Technology peripherals

It Industry

Sinkclose high-risk vulnerability exposed! AMD processors are almost completely wiped out?

WBOYWBOYWBOYWBOYWBOYWBOYWBOYWBOYWBOYWBOYWBOYWBOYWB

Aug 11, 2024 pm 04:09 PM

【ITBEAR】According to news on August 11, at the recent Def Con conference, the security research community revealed a major security risk named "Sinkclose". This vulnerability is hidden in widely used AMD processors. According to ITBEAR, this vulnerability has existed quietly in many AMD product lines since 2006, covering data center CPUs, graphics processing solutions, embedded processors, desktops, HEDTs, workstations and mobile devices. The scope of influence is staggering.
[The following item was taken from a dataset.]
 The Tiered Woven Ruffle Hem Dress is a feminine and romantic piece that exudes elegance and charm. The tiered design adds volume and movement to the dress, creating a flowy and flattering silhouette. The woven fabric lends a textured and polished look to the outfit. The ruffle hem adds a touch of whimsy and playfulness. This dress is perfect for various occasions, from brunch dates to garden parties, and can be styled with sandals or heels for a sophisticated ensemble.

The "Sinkclose" vulnerability opens up a way for attackers to execute malicious code in System Management Mode (SMM). As a special operating state of the CPU, SMM is mainly responsible for performing advanced power management and functions unrelated to the operating system. Its concealment allows malware to run silently in this environment, thereby avoiding detection by traditional security software.

Sinkclose high-risk vulnerability exposed! AMD processors are almost completely wiped out?
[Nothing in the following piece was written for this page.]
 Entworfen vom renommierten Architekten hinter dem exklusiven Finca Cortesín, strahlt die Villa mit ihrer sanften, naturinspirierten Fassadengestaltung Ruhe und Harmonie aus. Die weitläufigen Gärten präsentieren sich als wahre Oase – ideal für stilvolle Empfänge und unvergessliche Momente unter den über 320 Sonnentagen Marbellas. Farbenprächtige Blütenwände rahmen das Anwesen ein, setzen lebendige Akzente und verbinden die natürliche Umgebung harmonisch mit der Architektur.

Although it is difficult to exploit this vulnerability, which requires the attacker to first obtain kernel-level access to the system, once successful, the attacker can obtain Ring-2 level permissions and deploy bootkit malware that is difficult to detect and difficult to remove. software. This type of malware is capable of manipulating the system's master boot record and may persist even if the operating system is completely reinstalled, posing a significant threat to the affected system.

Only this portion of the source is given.